[Opening SUPPLIED MATERIAL section]
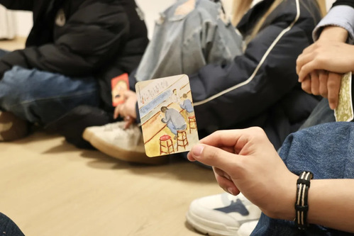 在“导演第一镜”环节,同学们通过独特的卡牌自我介绍环节,开启了认识内在自我的大门。大家根据直觉挑选代表自己的卡牌,选取符合自我的代号,并各自阐述原因。
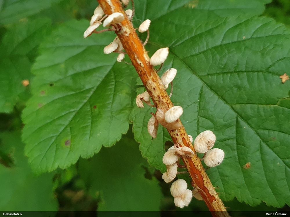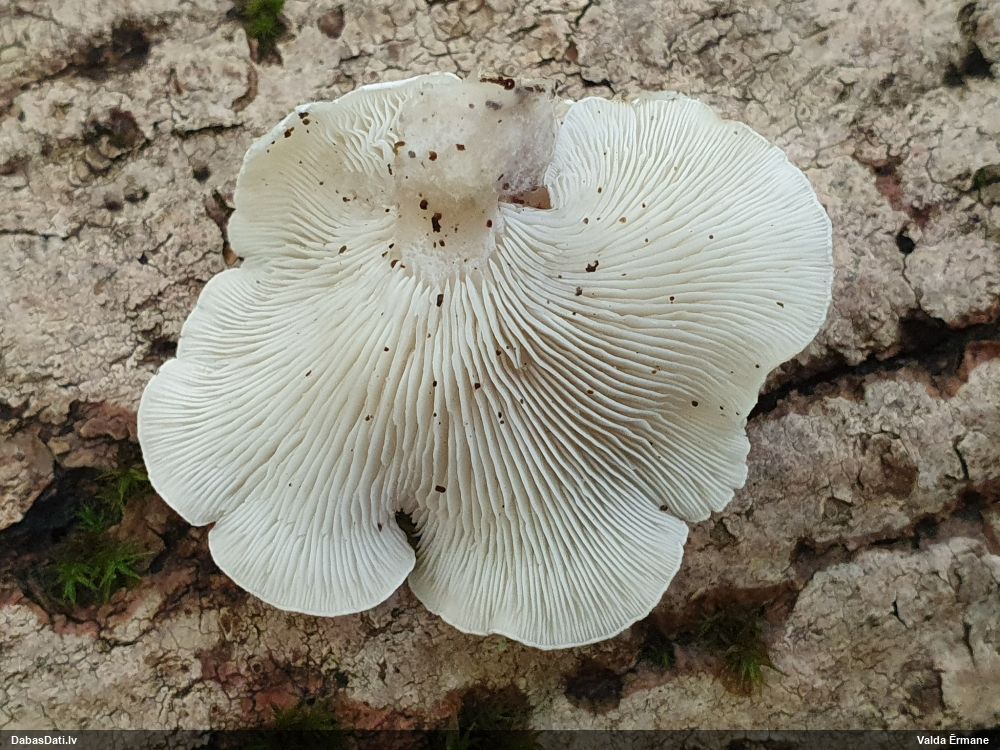 Atradu labu aprakstu. Tur teikts, ka P.diderma var būt kapilīcija mezgli, kas cieši salipuši, veidojot pseidokolumellu. Domāju, tā ir arī te. Rakstīts, ka aug arī uz mizas, neminot, vai dzīviem kokiem. Domāju, ka pretrunu nav, katrā ziņā šobrīd tā ir vienīgā un gana ticama versija.
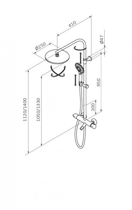 Верхній душ:D250 мм
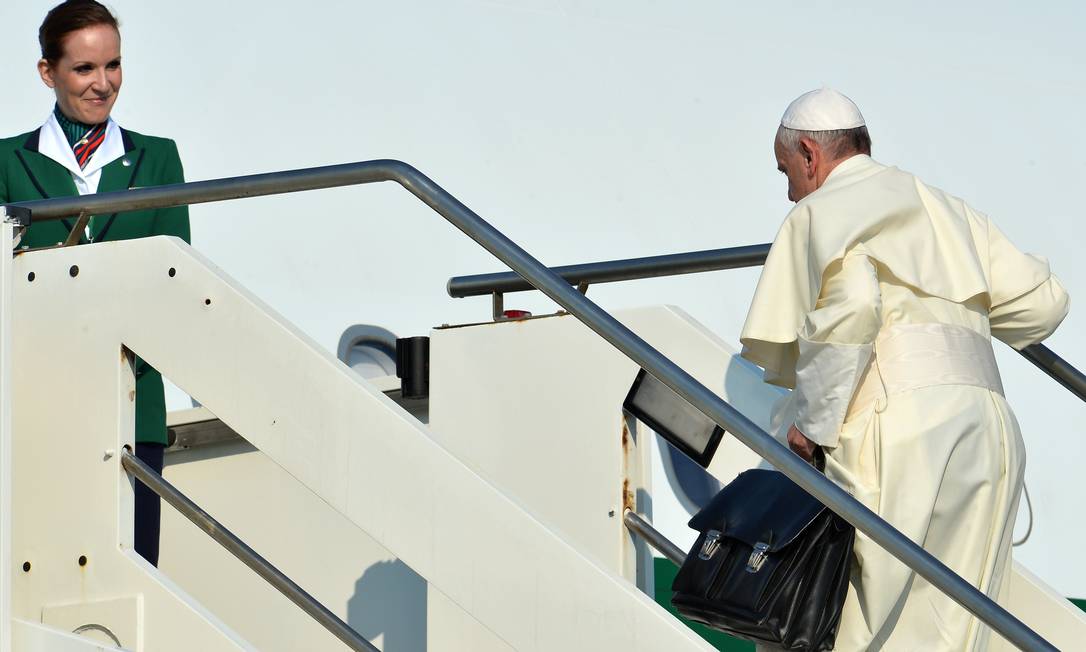 El trabajo de un papa nunca termina. Ni siquiera cuando vuela.
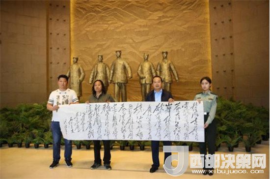 西部決策網(wǎng)—西部大開發(fā)訊(帥華鋒 通訊員 陳彥榮 齊彩云)在這綠意盎然、鳥語花香的美好時(shí)節(jié),“紅色南梁”迎來了中國(guó)“毛體”書法家協(xié)會(huì)會(huì)員、中國(guó)硬筆書法協(xié)會(huì)會(huì)員、中國(guó)書畫家協(xié)會(huì)會(huì)員、金陵書畫院理事、江西廬山毛主席書法研究院高級(jí)研究員、中國(guó)毛澤東詩(shī)詞研究會(huì)會(huì)員、韶山毛澤東書法藝術(shù)研究會(huì)會(huì)員王洪濤老師,他帶著對(duì)華池革命老區(qū)的深情厚誼和對(duì)劉志丹、謝子長(zhǎng)、習(xí)仲勛等陜甘邊革命先輩舍生忘死、救民出水火的崇敬之意,長(zhǎng)途跋涉一路輾轉(zhuǎn),向南梁革命紀(jì)念館捐贈(zèng)毛主席詩(shī)詞書法作品。
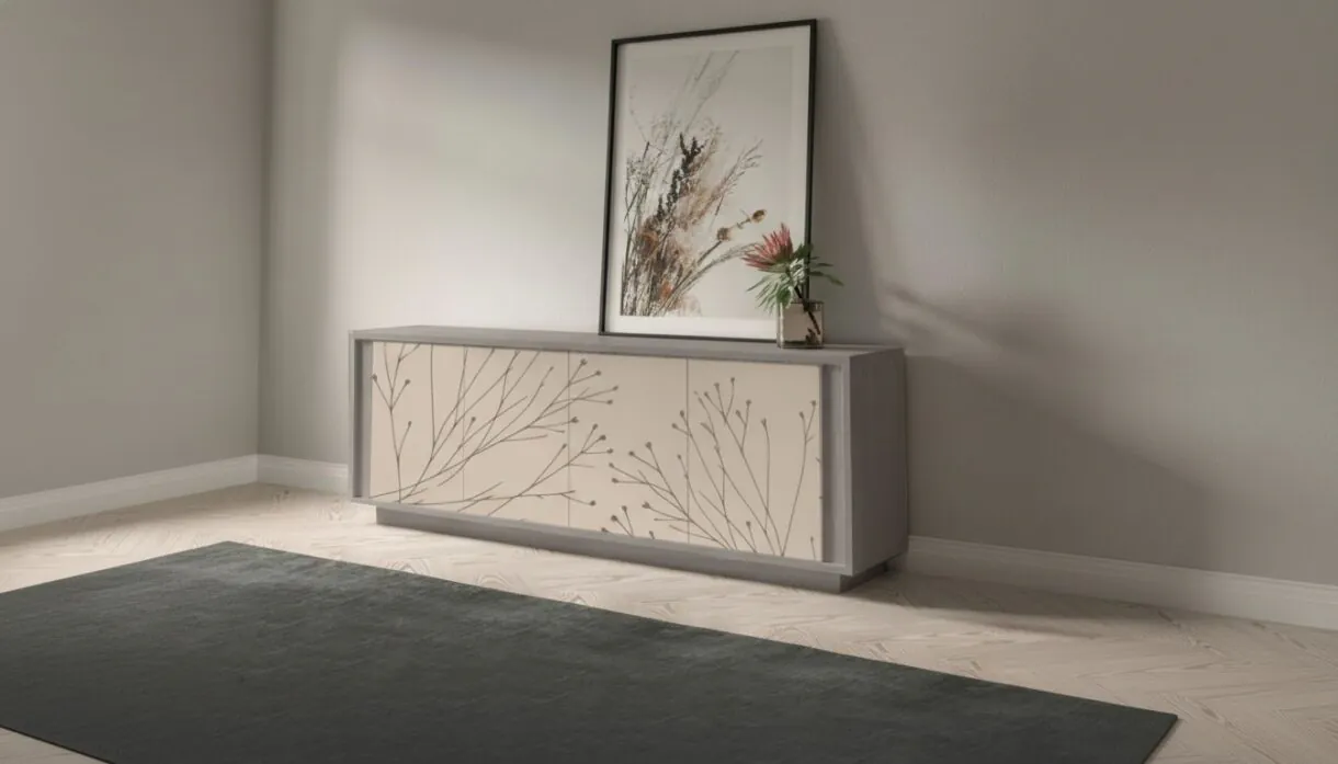 Un’altra idea creativa è quella dell’armonia con le decorazioni delle pareti. Se per queste ultime è stata scelta una boiserie con decorazioni verticali, il senso della verticalità si può riprendere senza problemi tramite il frontale delle ante della madia.
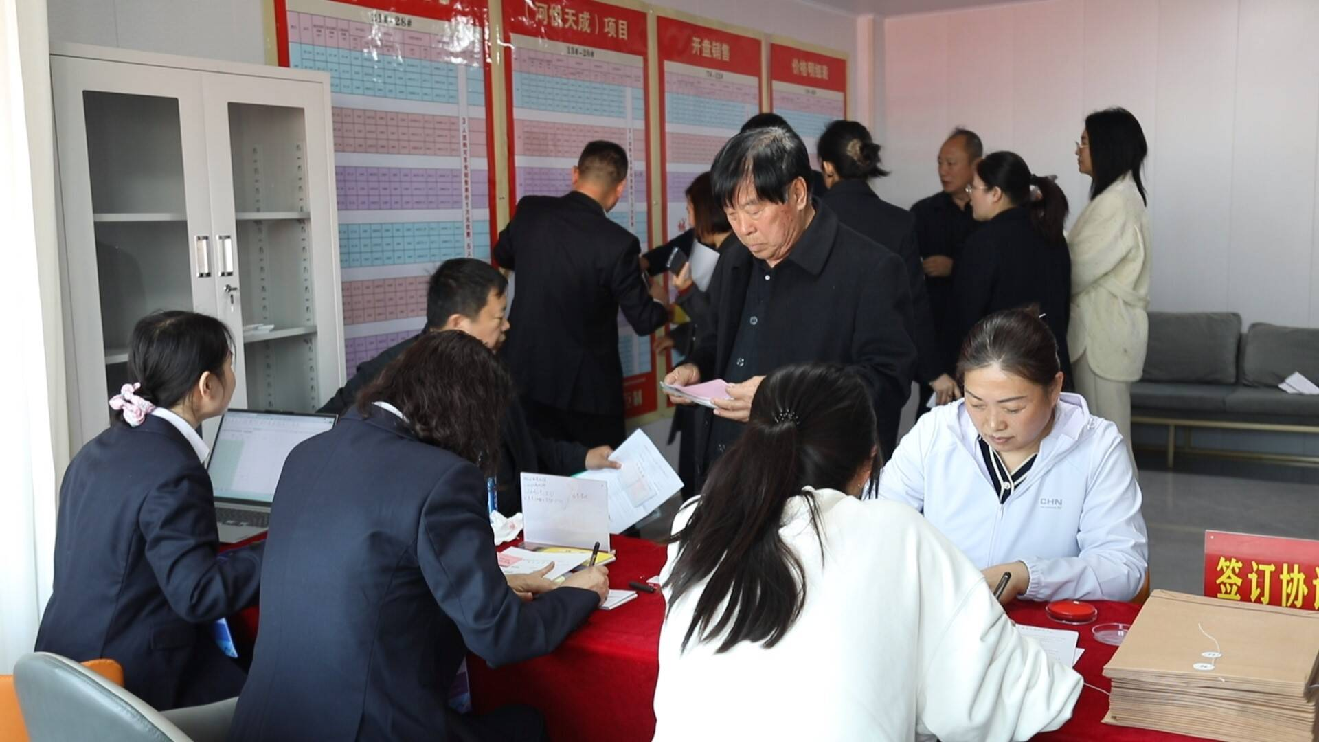 开盘仪式启动后,河悦天成营销中心内人声鼎沸,气氛热烈。从签到区到选房区,准业主们热情高涨、秩序井然。在工作人员的高效引导下,签到、选房、签约、审核销控四大流程顺畅推进,充分展现了项目的高人气与高品质服务。现场还特别设置了砸金蛋抽奖环节,为成功认购的业主送上惊喜好礼,将活动气氛不断推向高潮。
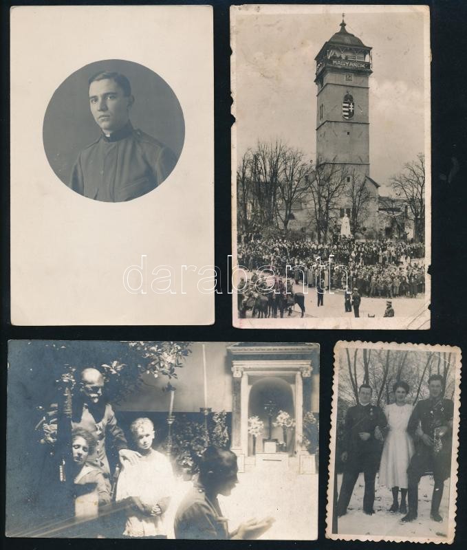 Beschreibung: cca 1915-1940 Katonákat ábrázoló fotók, közte a Felvidék felszabadulásának alkalmából kiadott fotólap, 6×9 és 14×9 cm
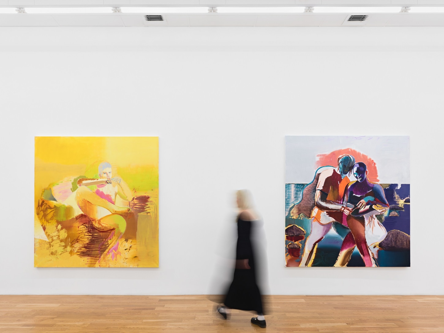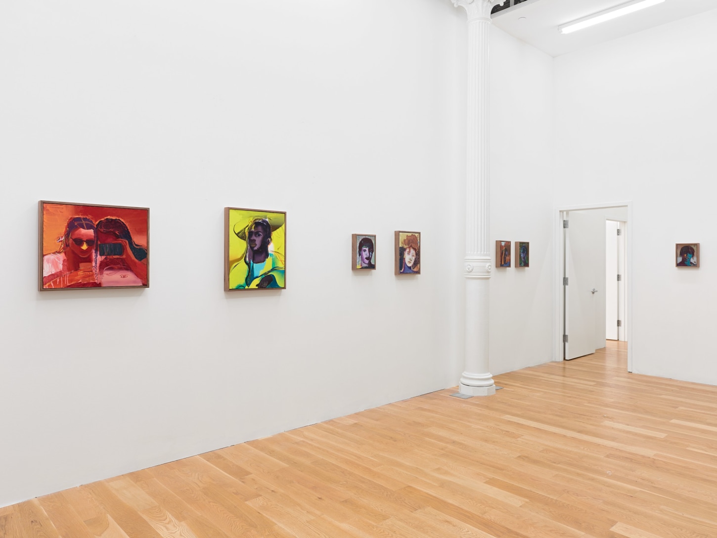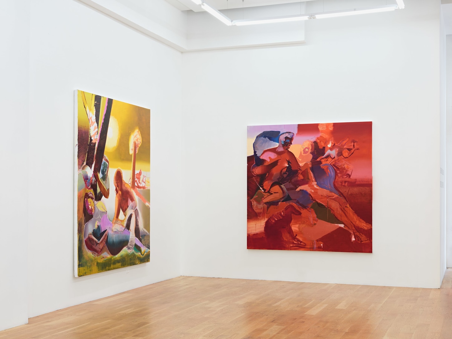 In Prayers, Divinations, Katherina Olschbaur’s fourth solo exhibition with Nicodim, the Austrian-born Los Angeles-based artist combines small portraits with large-scale paintings in her signature surrealist oeuvre, blending figuration and abstraction with sweeping gestural marks. Her drawings, though never included in an exhibition, are integral to Olschbaur’s practice, and form the backdrop of her fascination with Renaissance and Baroque-style paintings where themes of religious authority often take center stage. Leaning towards the freedom found in rebellion, she recenters our gaze giving grace and reverence to her figures. Colorful sketches reveal illuminating compositions in luscious oils. Abstract bodies leap off canvases and traverse into dark shadows in a series of electrifying hues. An ensemble of worlds collides where figures blend and reemerge in faraway landscapes only to be unearthed in the recesses of vivid imaginings. The narratives of each work are open ended suggesting layers of memory, lapses in time, and fleeting moments recaptured.
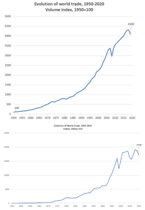 Și pentru a înțelege cât de mare este forța chinezilor în evoluția comerțului internațional, dacă între 1500 și 1800 acesta creștea cu 1% pe an, între 1950 și 2020, comerțul global a crescut cu 4-5% în fiecare an, adică de cinci ori mai rapid ca acum 500 de ani. Din 1950 până în 2020, comerțul internațional a crescut de 40 ori în volum și de 274 de ori în valoare:
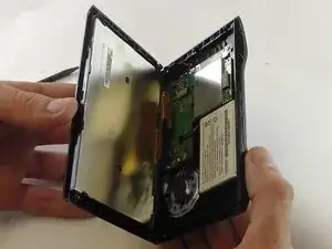Делайте это медленно, чтобы случайно не порвать ленточный кабель, соединяющий дигитайзер с платой, а также не разъединяйте половины полностью, так как это может порвать ленточный кабель.
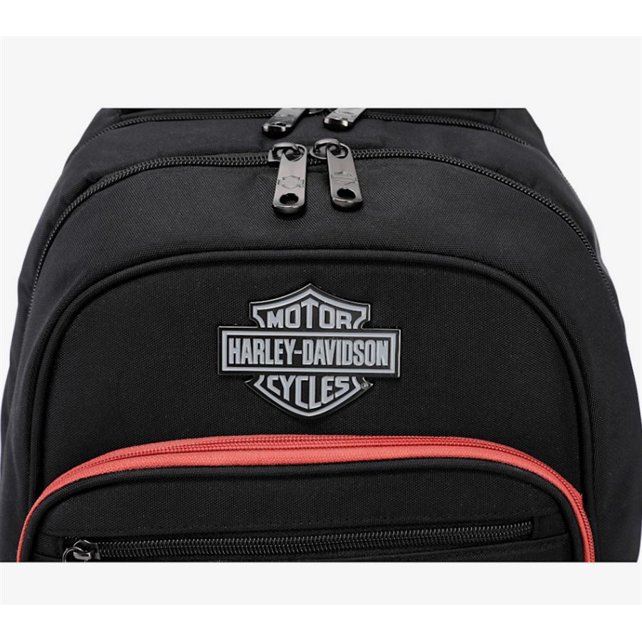 Uvnitř najdeš velký hlavní prostor s vnitřními kapsami a samostatnou, polstrovanou přihrádkou na notebook, takže máš elektroniku i věci na cesty bezpečně uložené. Přední kapsy na zip umožní rychlý přístup k drobnostem, dokladům nebo cestovní výbavě. Polstrované ramenní popruhy a vrchní madlo se postarají o pohodlí i při celodenním nošení. Velké kovové Bar & Shield logo doplní tahle funkční výbava o jasný H-D podpis.
[Closing SUPPLIED MATERIAL section]
WHAT TO PRODUCE:
Could you repeat exactly the lines from the first one of the records above through the line containing "Верхній душ:D250 мм", leaving out any pictures?

RESPONSE BOX:
 在“导演第一镜”环节,同学们通过独特的卡牌自我介绍环节,开启了认识内在自我的大门。大家根据直觉挑选代表自己的卡牌,选取符合自我的代号,并各自阐述原因。
 Atradu labu aprakstu. Tur teikts, ka P.diderma var būt kapilīcija mezgli, kas cieši salipuši, veidojot pseidokolumellu. Domāju, tā ir arī te. Rakstīts, ka aug arī uz mizas, neminot, vai dzīviem kokiem. Domāju, ka pretrunu nav, katrā ziņā šobrīd tā ir vienīgā un gana ticama versija.
 Верхній душ:D250 мм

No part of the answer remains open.